Access our Dashboard: Global Airlines Dashboard
Repository | Owner | Purpose |
---|---|---|
skytrax_data_cleaning | DucLe‑2005 | Cleans raw scraped data and standardizes formats using modular Python functions. |
skytrax_extract_load | MarkPhamm | Scrapes customer reviews for all airlines on Skytrax, stages them in S3, then loads to Snowflake via Airflow‑compatible ETL scripts. |
skytrax_transformation | MarkPhamm | Handles dbt‑based data transformation on Snowflake with CI/CD workflows via GitHub Actions. |
skytrax_dashboard_website | nguyentienTCU | A dashboard website for visualising insights from processed airline reviews. |
- Data Engineering: Leonard Dau, Thieu Nguyen, Viet Lam Nguyen
- Software Engineering: Tien Nguyen, Anh Duc Le
- Data Science: Robin Tran, Trung Dam
- Scrum Master: Hien Dinh
This end‑to‑end analytics initiative ingests, processes, and visualises customer‑review data for every airline covered by Skytrax (AirlineQuality.com). The architecture leverages industry‑standard tooling and cloud services to provide a robust, scalable foundation for airline‑wide sentiment, operational, and competitive analysis.
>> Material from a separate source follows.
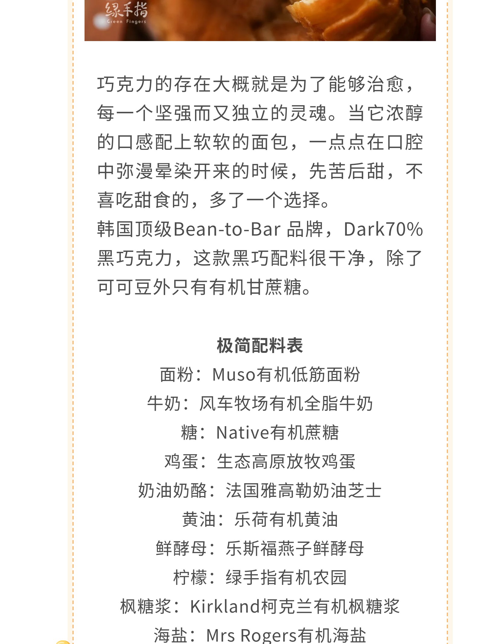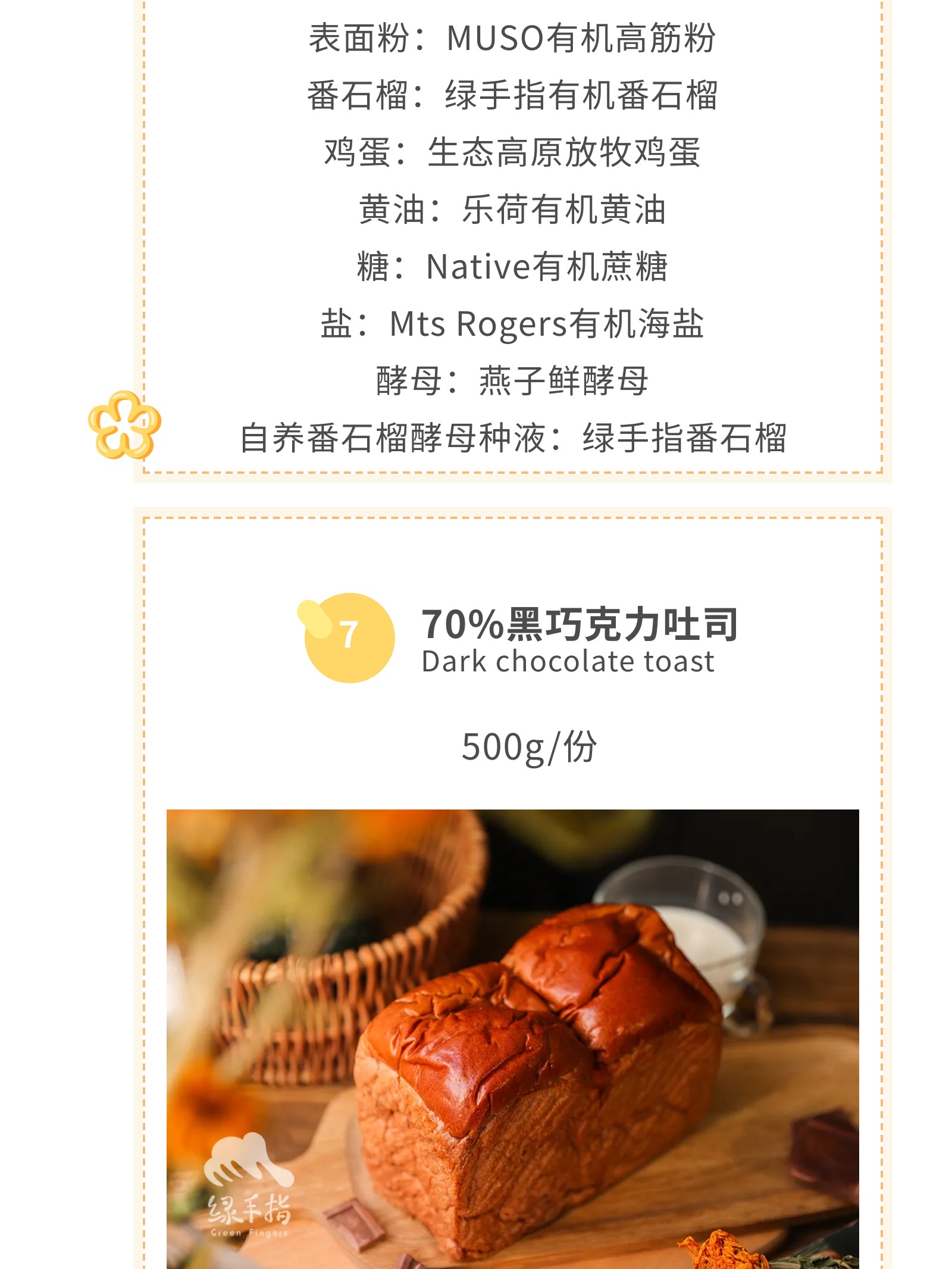 按照绿手指产品研发的惯例,吐司制作主料均为生态有机原料,所有食材来自绿手指农园、全国各地的生态农场及全球优质有机食材供应商,由绿家菜友张媛媛女士制作。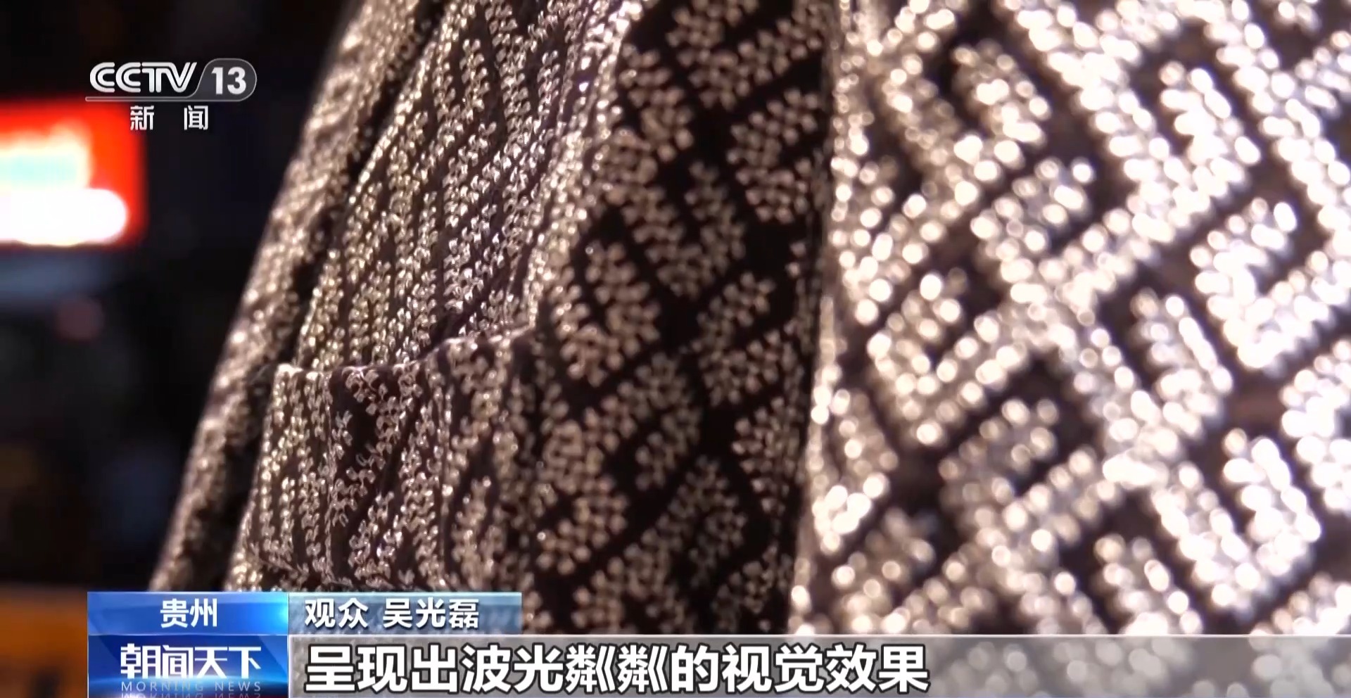 苗族錫繡非遺傳承人 王亨石:按照他要尺寸的大小自己繡出來,繡出來以后寄給他,他自己再設(shè)計(jì)出作品,參展,走向國際時(shí)裝周。我想生在大山里面幾百年的錫繡,今天能走上這么高的國際舞臺(tái),我真的感到很高興而且很自豪。

Self‑selection bias: Reviews on Skytrax are self‑reported. Passengers with extreme experiences (positive or negative) are more likely to post, so KPIs derived from this data skew away from the broader flying population. Our goal is therefore directional insight, not population‑level generalisation.
The extraction layer gathers review data for all airlines from Skytrax, stores it in S3 and prepares it for downstream processing.
- Repository: all_airlines_extract_load
- Python 3.12 with Pandas
- Apache Airflow
- AWS S3
- Docker
- Snowflake
Skytrax review pages, e.g.
https://www.airlinequality.com/airline-reviews/{airline‑slug}/
Captured fields include: star ratings, review text, flight details, passenger metadata, and category scores.
# From main_dag.py – Extract task definition
scrape_skytrax_data = BashOperator(
task_id="scrape_skytrax_data",
bash_command="chmod -R 777 /opt/***/data && python /opt/airflow/tasks/scraper_extract/scraper.py"
)
Steps
- Iterate through the Skytrax airline index.
- Request paginated review HTML for each carrier.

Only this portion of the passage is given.